UniAD large model paves the way for smart cars to enter the AGI era-EEWORLD

Collect

At the recently concluded Beijing Auto Show, in addition to the debut of a number of star models, supply chain companies also began to show off their strength, especially the end-to-end big model , which set off a new wave of enthusiasm for the new generation of intelligent driving technology stack.

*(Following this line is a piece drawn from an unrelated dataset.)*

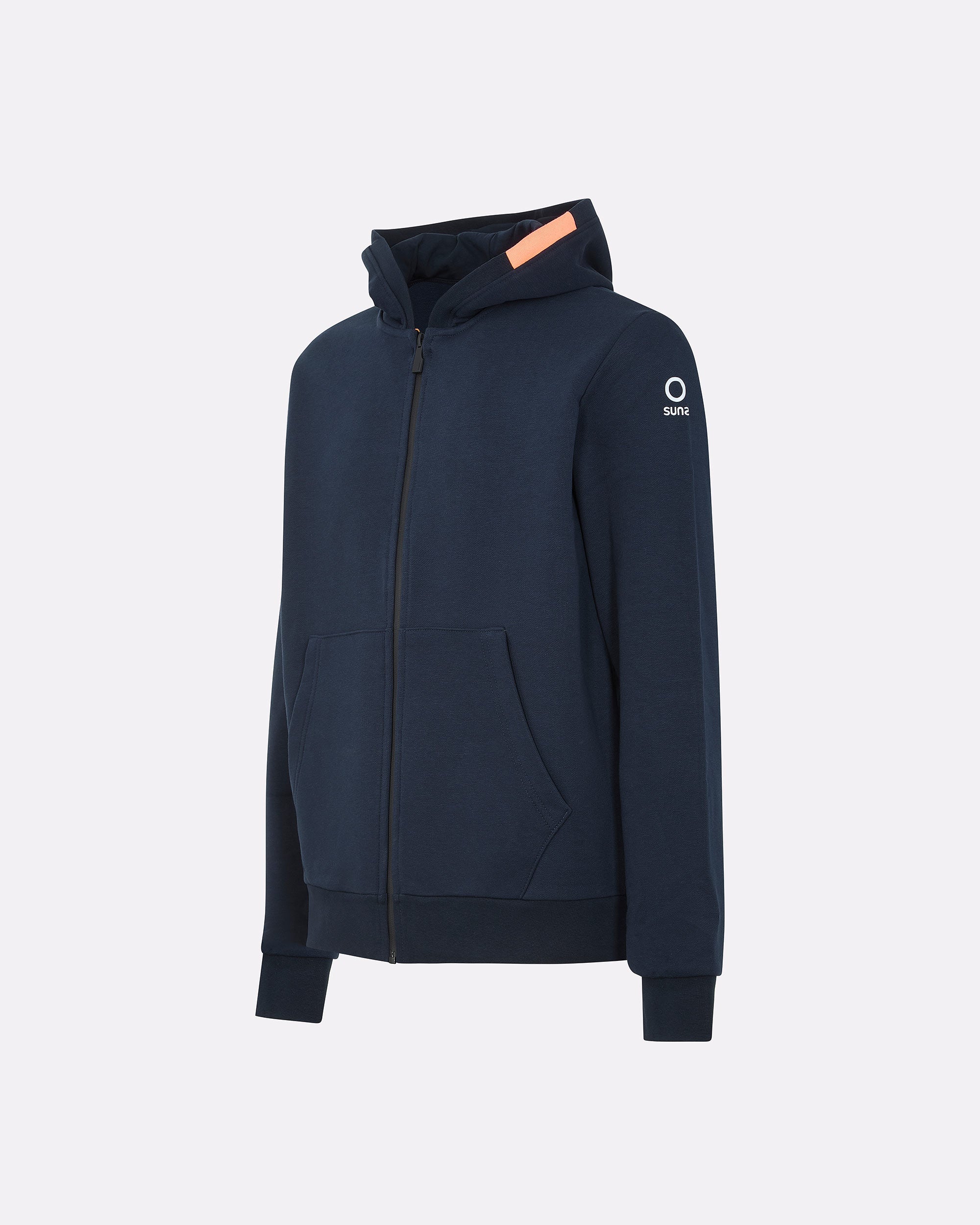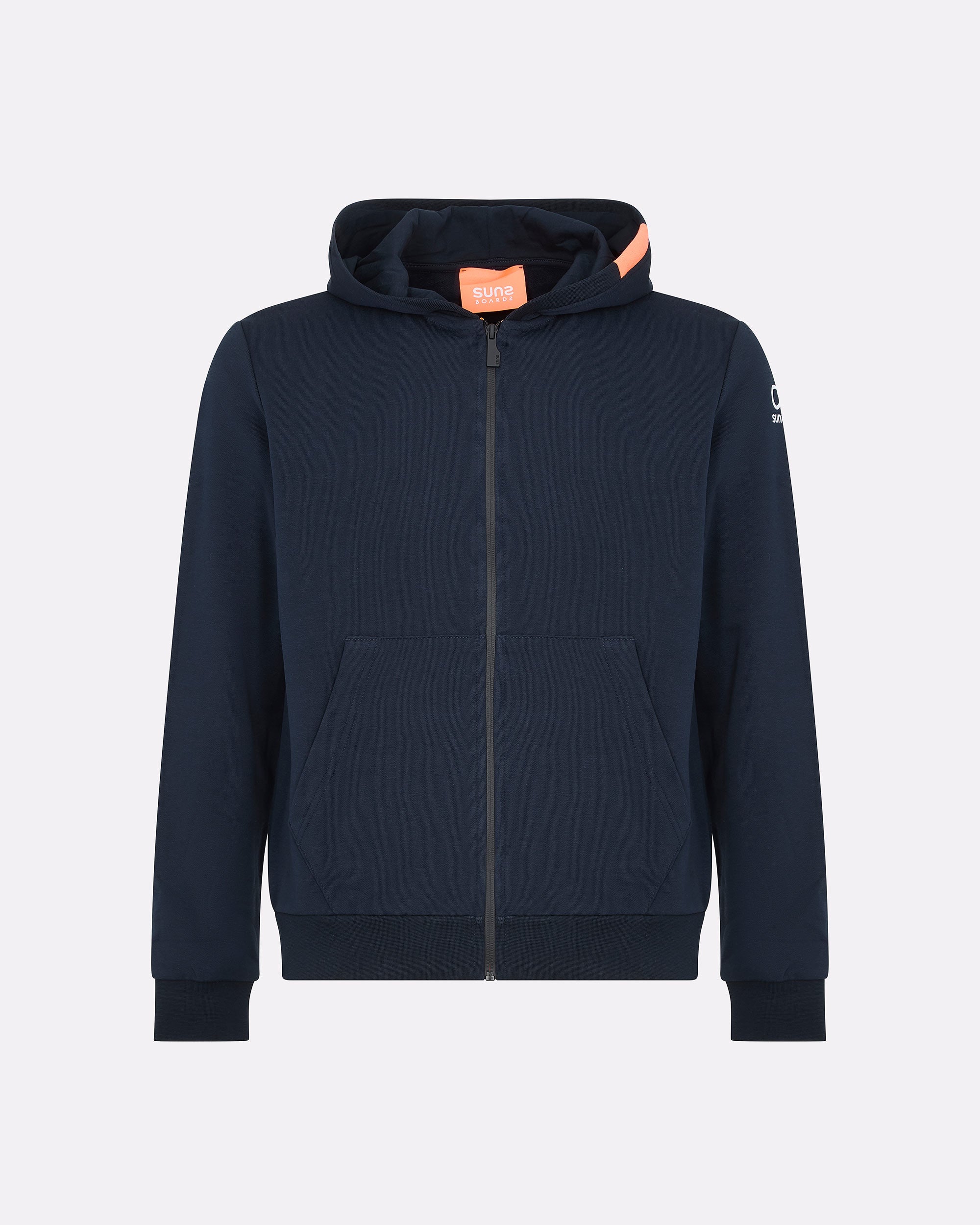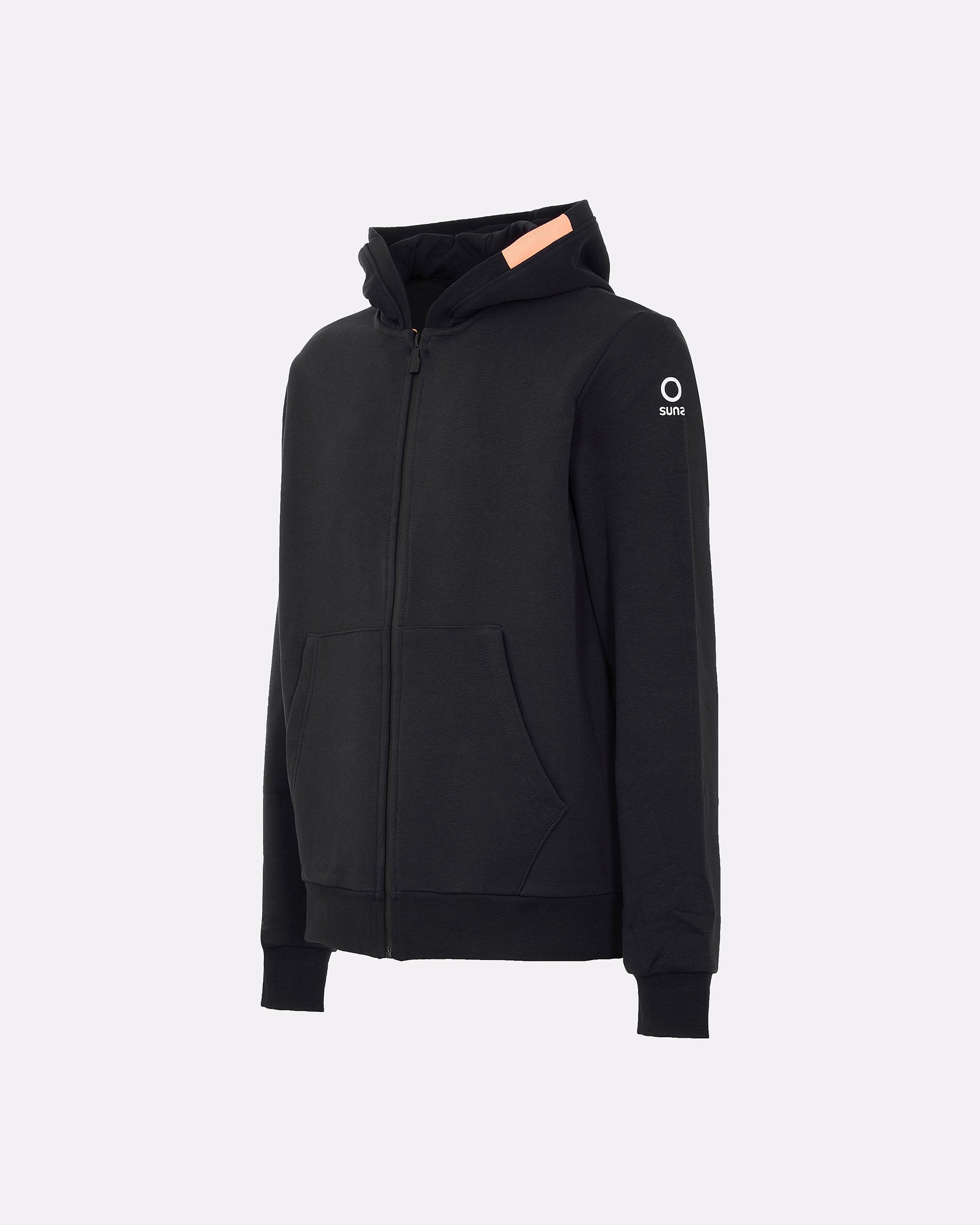 Questa felpa uomo con cappuccio unisce comfort, stile e praticità in un design versatile perfetto per ogni giorno. Realizzata in felpa diagonale dal peso consistente, offre calore e struttura senza rinunciare alla morbidezza. Il cappuccio regolabile con interno in jersey tono su tono e la zip frontale bicolore impermeabile con slider nero esterno e interno arancione, sono dettagli distintivi del capo. Le tasche laterali a filetto, i polsini e il fondo in costina aggiungono funzionalità e aderenza. Il logo reflective Suns applicato sulla manica sinistra e il caratteristico inserto arancione fluo sul fianco destro completano lo stile iconico del brand.

As the first company to propose a universal model of integrated perception, decision-making and autonomous driving , SenseTime also demonstrated the road test performance of UniAD (Unified Autonomous Driving), an end-to-end autonomous driving solution for mass production, to the public for the first time at this auto show.

UniAD makes intelligent driving "human-like"

I believe many users have noticed that since this year, almost all car companies or industry chain companies have used the adjective "comparable to real driving" when promoting intelligent driving. One of the important directions of the emergence of end-to-end large models is to solve the problem of "humanized driving".

At the Beijing Auto Show, SenseTime Jueying demonstrated the results of actual road tests without high-precision maps and relying only on visual perception: whether it is urban roads or wireless rural roads, vehicles equipped with UniAD can accurately complete a series of difficult operations such as turning left at a large angle onto a bridge, avoiding vehicles occupying the road and construction areas, and detouring around running pedestrians.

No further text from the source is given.